Exercise instructions >> Print the data once more, exactly as given. Drop the pictures.
Start of Data extract
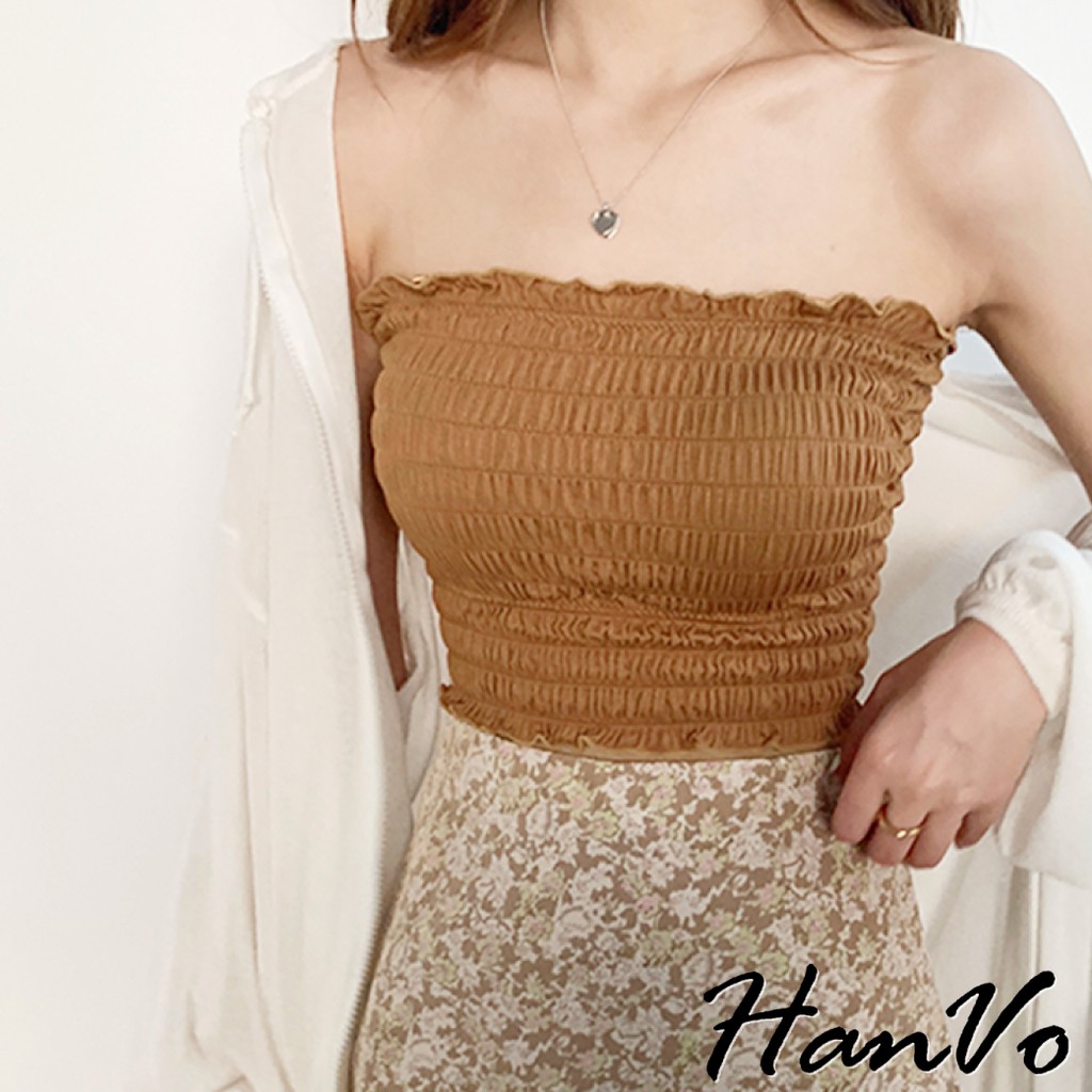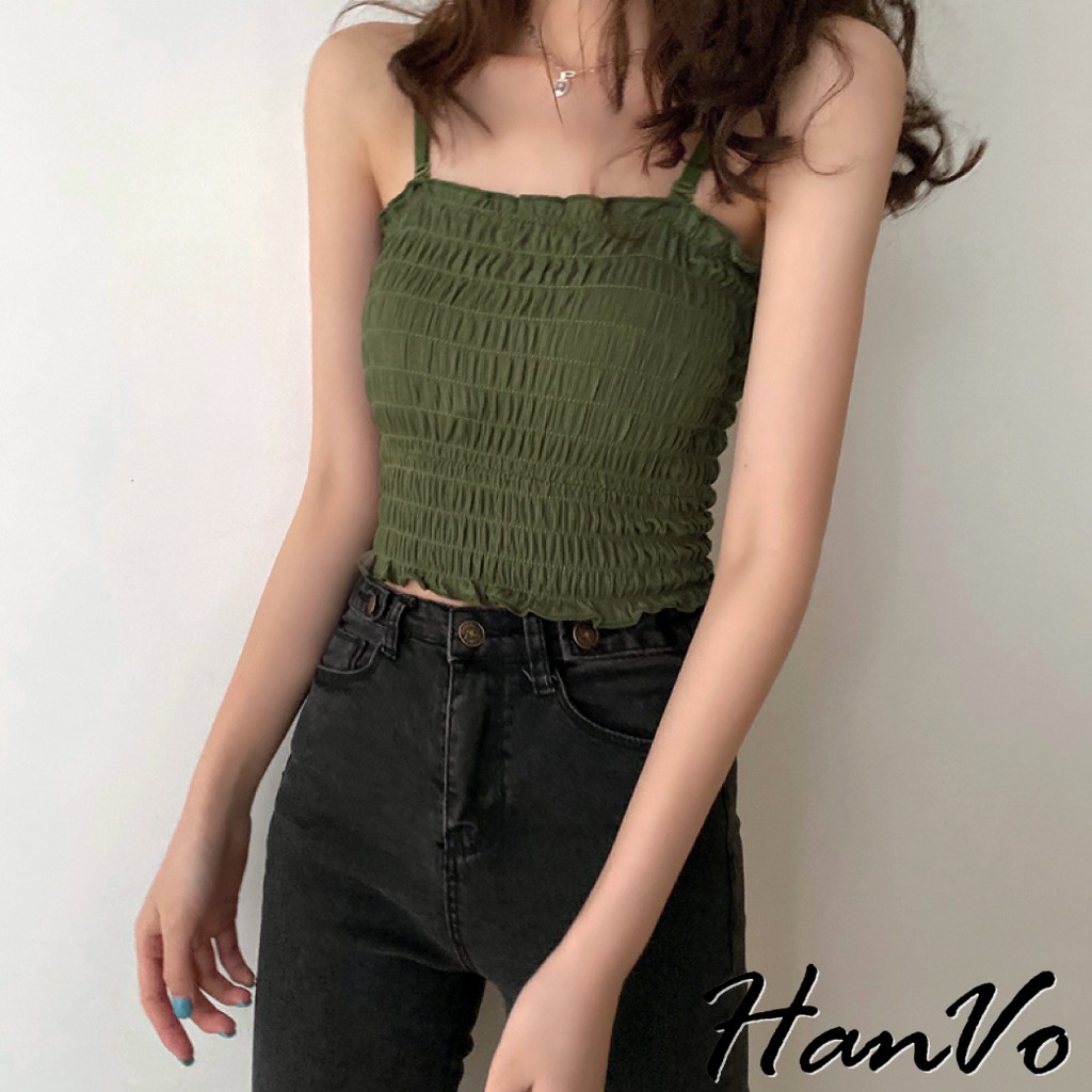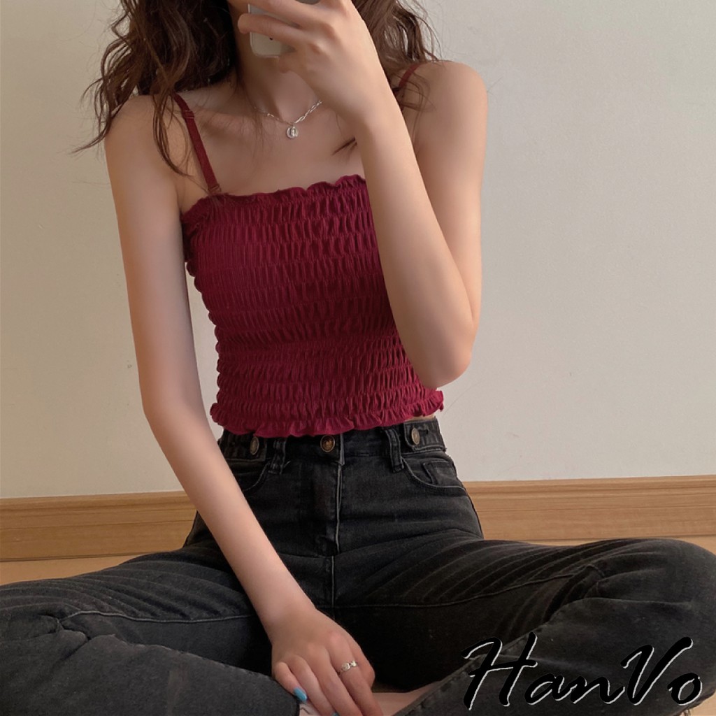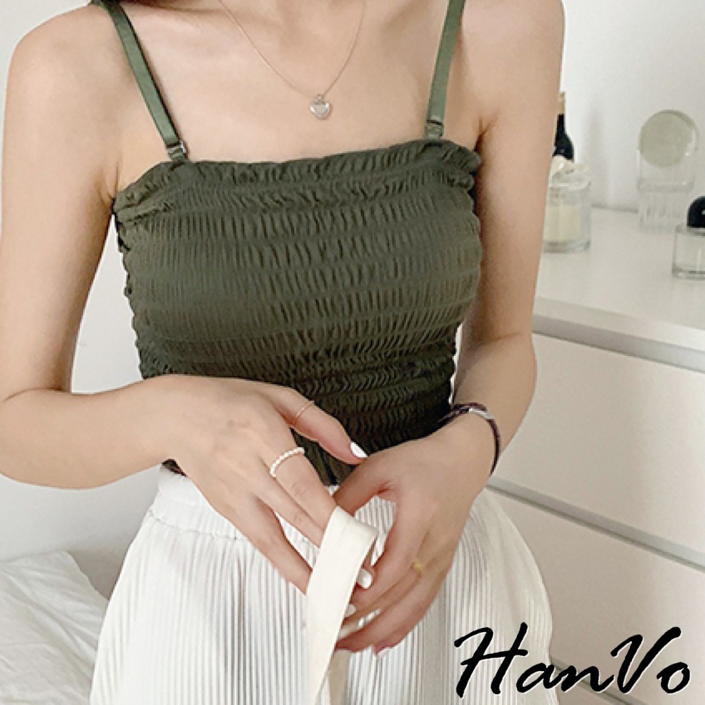 【HanVo】純色百搭木耳邊平口背心 多色皺褶細肩帶小可愛 附可拆式胸墊 吊帶平口打底內搭 女生上衣 A09-5030白色|酒紅|卡其|綠色|黑色Tube TopsHanVo Wear Collection
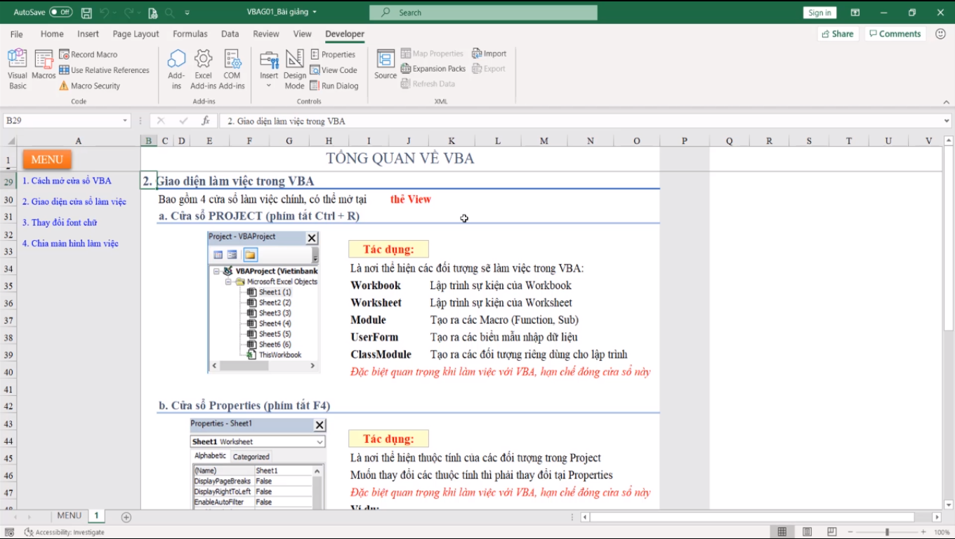Bạn mở 1 file excel bất kỳ lên, mở phần cửa sổ VBA với phím tắt Alt + F11 sẽ thấy giao diện này.
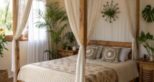 Furniture often includes low seating, rattan chairs, woven poufs, and colorful textiles, complemented by abundant greenery. Handcrafted decor and artisan pieces add a worldly, cozy feel. Warm lighting, such as string lights or soft lamps, enhances the inviting atmosphere. Boho style encourages personal expression without the pressure of perfection.
End of Data extract
Result >>
 【HanVo】純色百搭木耳邊平口背心 多色皺褶細肩帶小可愛 附可拆式胸墊 吊帶平口打底內搭 女生上衣 A09-5030白色|酒紅|卡其|綠色|黑色Tube TopsHanVo Wear Collection
Bạn mở 1 file excel bất kỳ lên, mở phần cửa sổ VBA với phím tắt Alt + F11 sẽ thấy giao diện này.
 Furniture often includes low seating, rattan chairs, woven poufs, and colorful textiles, complemented by abundant greenery. Handcrafted decor and artisan pieces add a worldly, cozy feel. Warm lighting, such as string lights or soft lamps, enhances the inviting atmosphere. Boho style encourages personal expression without the pressure of perfection.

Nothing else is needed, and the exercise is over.